On the way to that inner spiritual harbor where delicate picturesque sailboats bob gently in the softly rising tide, something surprising storms your path.
St. Teresa of Avila and more recently Carolyn Myss have written about the oddities of the mystical path to God. One might think it's simple. Just meditate and get peaceful and try like hell to stay peaceful when the world is erupting all around you. You know as in the Buddhist way; stay calm in the storm ..... Right? Not so easy.
While the intention is to enter that inner calm harbor and sail out into the depths of your consciousness to enter into the
Recently I had an experience that took me quite by surprise. I had been having some pretty intense chest pains which is odd for me since I'm a healthy woman with no heart problems. By nature I'm a calm person generally easy going and never raise my voice or get angry. I wondered why I was having this heart trouble suddenly. Then a co-worker did something unexpected. Well not completely unexpected. It had been a series of behaviors that I had been tolerating while growing increasingly annoyed with this person. Finally, after I had requested that this person be more considerate, the annoying behavior happened again. I was surprised at the person's choice to do something that she knew annoyed me so much. But, there's always a lesson in every challenge. I discovered that I had a temper after all and that actually scared me. I knew that my reaction was my problem. It was the effects of that internalized shrapnel I'd mentioned in an earlier blog.
While I could barely think because of my tempestuous fury, I knew that had to be the case. Why is it when I reach for serenity, I discover madness? Why is it when I attempt to purr like a kitten, I find myself roaring like a tiger? What is it all about?
I thought about Teresa's inner castle and realized that on my way to heaven, through the doorways of each of the rooms in the interior castle, there is a gremlin - or gargoyle - or whatever - a demon, maybe, that attempts to block the way. That was good imagery.
I realized that my early-life frustration from a less than peaceful homelife had been deeply internalized. It had grown into a pernicious beast, a furious tiger of the soul. I had to befriend the beast. I couldn't take it into the harbor with me because it blocked me from entry. Simply you can't bring your baggage on the metaphorical sailboat to heaven.

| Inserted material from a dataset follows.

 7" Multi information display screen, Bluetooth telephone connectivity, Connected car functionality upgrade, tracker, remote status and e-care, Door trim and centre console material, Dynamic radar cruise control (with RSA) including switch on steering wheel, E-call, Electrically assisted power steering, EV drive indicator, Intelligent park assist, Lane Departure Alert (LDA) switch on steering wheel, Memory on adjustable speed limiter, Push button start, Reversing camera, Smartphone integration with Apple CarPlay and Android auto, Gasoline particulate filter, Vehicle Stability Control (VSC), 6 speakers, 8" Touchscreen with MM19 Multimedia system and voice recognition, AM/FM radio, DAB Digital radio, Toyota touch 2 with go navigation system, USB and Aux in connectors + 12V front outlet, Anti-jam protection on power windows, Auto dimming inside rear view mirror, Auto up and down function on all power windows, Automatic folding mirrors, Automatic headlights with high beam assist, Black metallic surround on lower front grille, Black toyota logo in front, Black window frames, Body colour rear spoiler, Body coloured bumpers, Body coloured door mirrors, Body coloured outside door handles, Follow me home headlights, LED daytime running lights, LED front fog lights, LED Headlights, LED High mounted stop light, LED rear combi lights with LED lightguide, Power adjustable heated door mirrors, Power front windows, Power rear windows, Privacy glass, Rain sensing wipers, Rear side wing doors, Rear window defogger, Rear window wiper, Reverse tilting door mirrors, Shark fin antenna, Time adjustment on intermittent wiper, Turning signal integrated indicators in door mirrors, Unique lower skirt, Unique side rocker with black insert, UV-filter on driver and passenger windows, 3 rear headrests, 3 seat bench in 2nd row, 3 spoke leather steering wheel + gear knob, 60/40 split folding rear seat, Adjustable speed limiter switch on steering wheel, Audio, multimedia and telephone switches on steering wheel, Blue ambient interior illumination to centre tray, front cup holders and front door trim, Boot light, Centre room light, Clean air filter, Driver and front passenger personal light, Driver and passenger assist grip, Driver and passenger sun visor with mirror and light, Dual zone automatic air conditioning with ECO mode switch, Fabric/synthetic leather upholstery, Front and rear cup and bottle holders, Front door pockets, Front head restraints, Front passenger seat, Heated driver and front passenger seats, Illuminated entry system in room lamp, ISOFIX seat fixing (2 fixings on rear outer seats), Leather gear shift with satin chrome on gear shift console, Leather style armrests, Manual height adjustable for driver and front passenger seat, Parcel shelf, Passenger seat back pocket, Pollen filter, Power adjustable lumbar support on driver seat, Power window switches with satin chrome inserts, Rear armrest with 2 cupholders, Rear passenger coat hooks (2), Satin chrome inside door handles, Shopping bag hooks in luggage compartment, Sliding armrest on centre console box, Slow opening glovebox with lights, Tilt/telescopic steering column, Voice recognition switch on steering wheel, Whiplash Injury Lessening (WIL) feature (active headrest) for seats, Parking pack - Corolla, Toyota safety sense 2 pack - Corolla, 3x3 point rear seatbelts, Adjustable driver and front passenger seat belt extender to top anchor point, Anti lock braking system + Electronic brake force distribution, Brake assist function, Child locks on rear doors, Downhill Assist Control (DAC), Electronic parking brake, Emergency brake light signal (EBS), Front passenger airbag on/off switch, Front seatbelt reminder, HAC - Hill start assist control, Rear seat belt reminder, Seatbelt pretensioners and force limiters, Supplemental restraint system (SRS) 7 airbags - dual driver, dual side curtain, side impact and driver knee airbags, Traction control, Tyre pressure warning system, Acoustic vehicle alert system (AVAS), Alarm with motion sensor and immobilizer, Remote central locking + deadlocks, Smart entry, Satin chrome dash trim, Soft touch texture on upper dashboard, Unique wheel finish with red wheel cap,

What do I do with this fury? I called my sister, as I always do when I need to figure things out. She talked to me about "stuff" from our tempestuous childhood and I realized I needed to accept that tiger. I had to do this. This is not an easy path, this path to the divine. I don't know if I've completely succeeded in befriending the tiger or if she had cubs over these many years that will grow into later tigers.
Then, I discovered something more, something really quite awesome. As I sat with my anger, my hurt, my ancient agony, I really came in touch with a magnificent power within. I had somehow separated myself from my "tiger" power when I attempted to block myself from feeling the pain in my heart from that early frustration. Now, just by honoring the tiger's presence I integrated the power of that tiger with the vision of the mystic. It took on a new dimension, a new strength, a power - still raw, maybe - but a power that would not ever catch me by surprise again.
I wondered how many of us have attempted to avoid that inner tiger. How many of us try to tip toe around it, afraid of our own power, afraid of our own broken hearts? Probably, most of us. Yet, if we are to ever become empowered enough to enter our own hearts, that proverbial inner harbor where the divine resides, we must ride in on our tiger power. We cannot avoid our authentic being no matter how unruly and outrageous that tiger may seem at first. Tame it? probably not. That might only separate us further from our forsaken power. But, befriend it? yes.
At least one thing is for sure. You will like yourself a whole lot more when you honor and hold onto your aching heart, still weeping and raging in your hands. And then, hopefully, you may find that you are closer to entering your own most sacred heart.
Oh, and by the way, the chest pains are gone. Maybe the heart was talking to me afterall. I think there's a wisdom in the body that speaks to us when we fail to hear it any other way.